Let $f$ be a function from $\mathbb R$ to $[0,1]$. Prove that if $(u_n)$ is a sequence of non-negative real numbers, then there exists a subsequence $(u_{n_k})_{k\in\mathbb N}$ such that $(f(u_{n_k}))_{k\in\mathbb N}$ converges to a real number in $[0,1]$.

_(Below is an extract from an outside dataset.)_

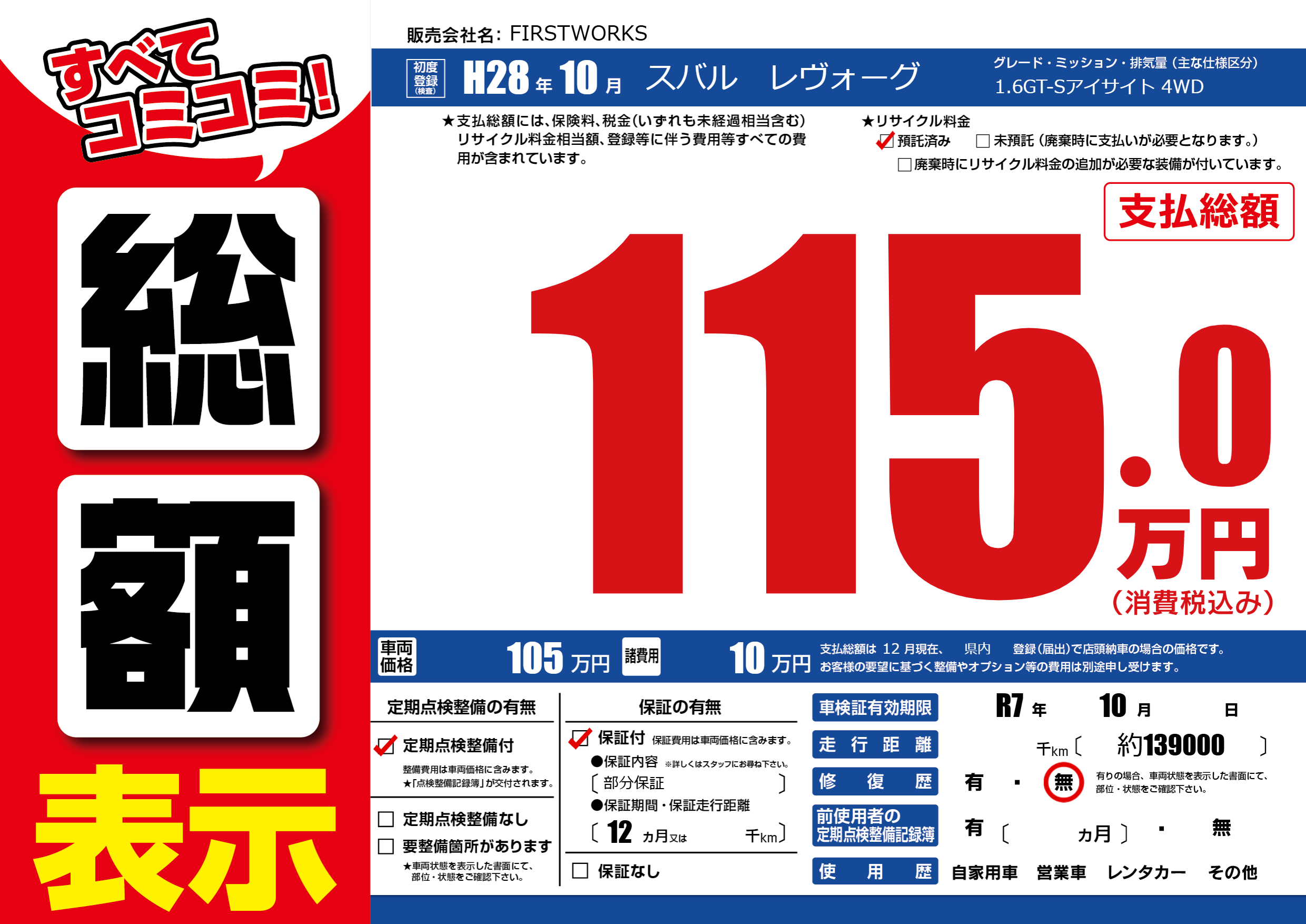 | 車名 | スバル レヴォーグ | グレード ミッション 排気量 |

I'm not really sure how to go about starting this question. I wanted to first prove that Un is bounded above, then use the Bolzano-WeierstaB theorem to state that there has to exist a subsequence of Un which converges to R, and since the specific part of R [0,1] has already been defined, f(Unk) had to be in [0,1], but this sounds terrible and I'm very lost. Any help appreciated, thanks.

Answer 1

The assumption that $u_n\geqslant 0$ is irrelevant. Let $g_n=f(u_n)$. Since $\{g_n\}$ is a sequence in the compact space $[0,1]$, it has a subsequence $g_{n_k}$ with $\lim_{k\to\infty}g_{n_k}=g\in[0,1]$. Since $g_{n_k}=f(u_{n_k})$, the subsequence $u_{n_k}$ satisfies the claim.